Very interesting idea. With the added of laboratory support to understand concentration levels, you would have to experiment with dilution ratios.
Maybe you would start with one tablespoon dissolved in 8oz of boiling water. Then maybe dose @ 1 drop per gallon in your test tank. For the test to be fair you need two identical tanks, a test and a control tank.
I'm very interested in the all organic approaches. If you decide to move forward please consider a journal.
If it were up to me, I'd cut dividers out of plexiglass to split the tank up into 64 sections, and lay out the controls in a Latin Square to minimize parametric noise. With around 20 runs or so, it'd be pretty close to having publication quality data. (With only two comparisons, your results will be no better than anecdotal) Put in an equal amount of plant mass into each section and then weigh what comes out at the end. Something that's easily friable, like moss would probably work best. You'd have to make sure you standardized your water between runs to control for fluctuations in trace elements and mycorrhizal flora in case you're using vascular plants as your test organism.
As for standardizing the active ingredient concentrations- you could determine maltose concentrations fairly easily in a Gas Chromatograph. Many local testing labs (i.e. drug testing) would probably do this for you at around $30 a sample. I wouldn't bother with less than three samples a shot, with one of the samples having an already known concentration as a check to make sure the lab is actually doing the testing properly.

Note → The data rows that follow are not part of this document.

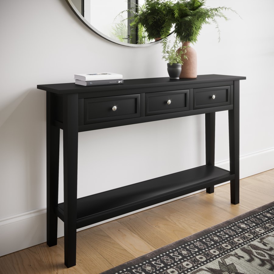 Maximise your space, and discover the perfect finishing touch for any hallway. This narrow console table has been beautifully finished in a sleek black with two options for your handles, to complement most room themes and colour palettes. Pick and choose how or where you store your items across three levels of convenient storage; on the top, concealed behind drawers or on the lower shelf. In your product's packaging, we provide 2 colour options for your 3 delicate handles. During assembly, you can choose between silver or gold, the perfect way to cater to any decor.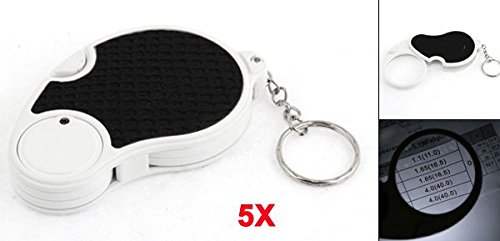 uxcell ブラック ホワイト ハウジング キーホルダーデザイン LED照明付き 5倍 拡大鏡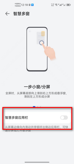- 最后将智慧多窗应用栏选项关闭即可。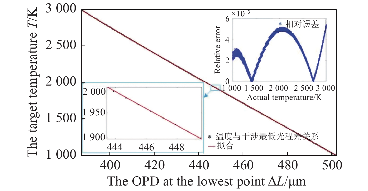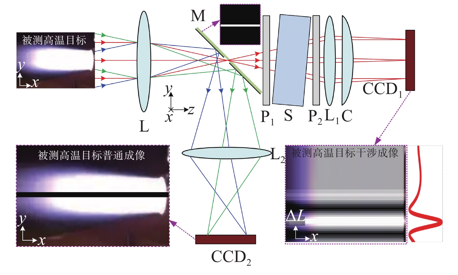 为了实现航空航天发动机尾焰、燃烧、爆炸等高温温度场的非接触高精度测量,对静态干涉型高温温度场探测方法展开研究。首先,设计静态干涉型高温温度场探测系统,理论分析高温温度场测量原理,研究高温干涉信号强度最低点光程差与温度的关系;其次,针对常用温度范围及可见光面阵探测器的响应波段,设计静态干涉具Savart棱镜,结合一维扫描实现温度场成像;最后,设计光学系统,拟合获得干涉最弱光程差与温度的对应关系,并获得线性拟合公式,仿真验证温度场经过系统后到达面阵探测器的干涉信号图像。结果表明,该静态干涉型高温温度场探测方法可实现1000 K−3000 K温度的高精度探测,且在线性区域,温度测量分辨率为1.4 K,温度测量相对误差优于0.8%。本文研究为军民领域的高精度高温温度场成像提供参考。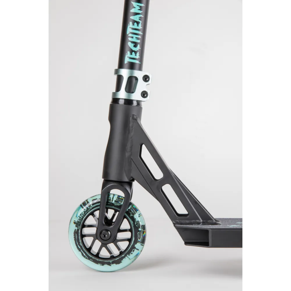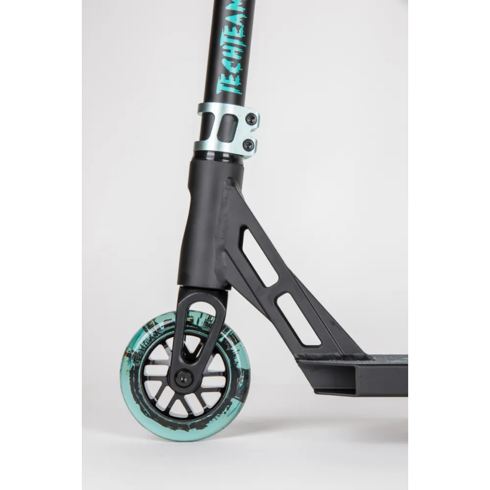 Качественная колесная часть с черно-бирюзовыми полиуретановыми колесами способна сотворить чудеса, выполнять рискованные трюки слушаясь пользователя на 100 %.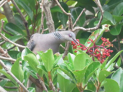 | アオサギ[8月1日] トンボの行方を追っていました | キジバト[8月1日] 美味しそうにサンゴジュの実を食べています | |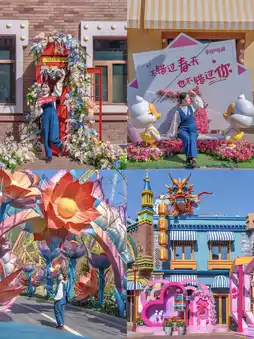 3⃣️ Taking photos in the candy-colored street area at the entrance is very photogenic, and many spring flower🌺 check-in installations have been set up
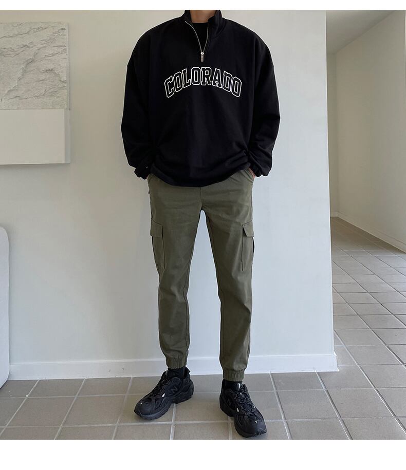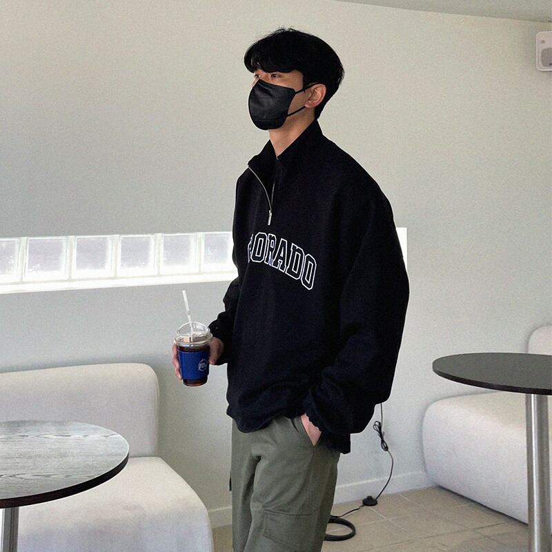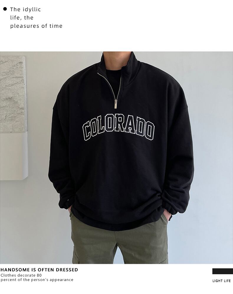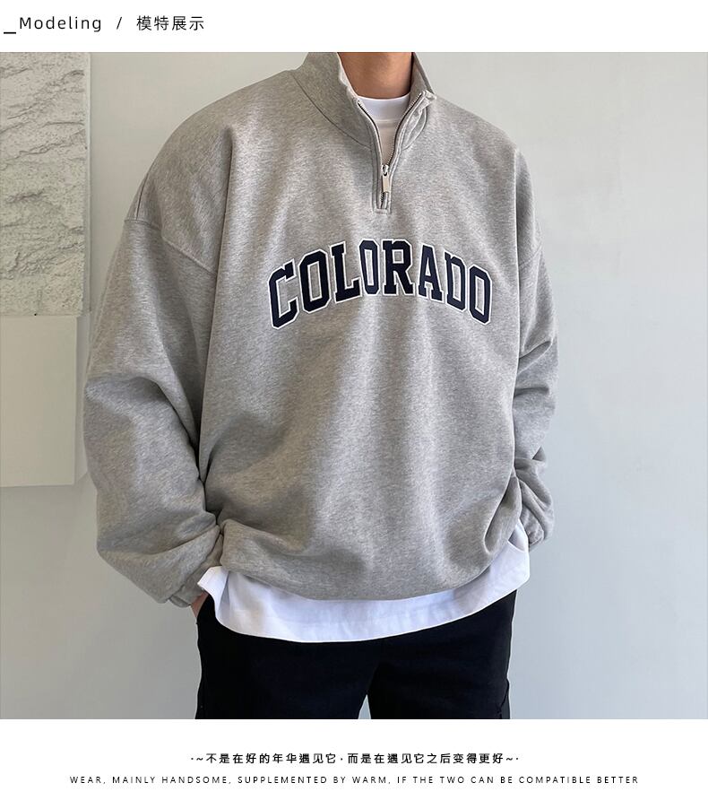 2022年春の新作スタンドカラージッパーセーターメンズトレンディインルーズバージョントレンド香港スタイル無地トップコート スプリング 春物 ソリッドカラー BLUU93518322174

That said, comparative saccharide utilization has been thoroughly hammered out with the advent of radiolabeling in the 1930's, 1940's, and 1950's. Most any textbook on general or plant biochemistry (e.g. Lubert Stryer), botany (e.g. Peter Raven) or a review article (e.g. Berg et. al.) should have the information the original poster is looking for. Failing that, a google DOI search or book search (Try: light independent Calvin Cycle reactions) would probably turn up similar results.
When it comes to chelation of oxidized transition metals at physiological pH, polysaccharides (which are weak poly-alcohols) are orders of magnitude less efficient than weak ionized organic acids like citrate or butyrate. Any appreciable chelation effects from blackstrap molasses probably has more to with stabilizing agents (commonly Ascorbate or EDTA in food) and breakdown products of molasses than the actual molasses itself.